Костя был толстомордый (особая лепка лица), волосы ежом, взгляд дерзкий и наглый. А душа нежная. Улыбнулся и отвечает:
– Ничего не знаю.
– Садитесь. Довольно.
И поставили единицу.
Костя мне с отчаянием говорил (я ждал у дверей):
– Подлец он этакий: скажи он мне квум – и я бы ответил. О квум три страницы у Кремера (грамматика). Он, черт этакий, выговорил кум!
(есть право и так выговорить, но редко). Я подумал: «Кум – предлог с», чтó же об нем отвечать, кроме того, что «с творительным», но это до того «само собою разумеется», что я счел позорным отвечать для пятого класса.
И исключили. В тот час у него умер и отец.
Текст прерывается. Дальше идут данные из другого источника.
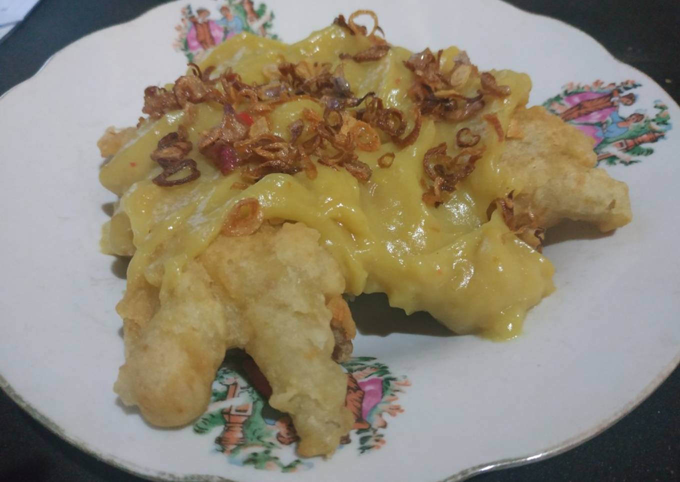 - Ceker Cripsy Saus Sate Padang Siap di nikmati. Taburi bawang goreng agar lebih nikmat.

Он поступил на службу (чтобы поддерживать мать с детьми), – сперва в полицейское управление, – и писал мне отчаянные письма («Вася, думали ли мы, что придется служить в проклятой полиции»), потом – на почту, и «теперь работаю в сортировочной» (сортировка писем по городам).
В то же время где-нибудь аккуратный и хорошенький мальчик «Сережа Муромцев» учился отлично, директор его гладил по голове, кончил с медалью, в университете – тоже с медалью, наконец – профессор «с небольшой оппозицией»… И
…До хорошего местечка
Доползешь ужом.
Вышел в председатели 1-й Госуд. думы. И произнес знаменитое mot[14]: «Государственная дума не может ошибаться». Неужели мой Костя мог бы так провалиться на государственном экзамене??!!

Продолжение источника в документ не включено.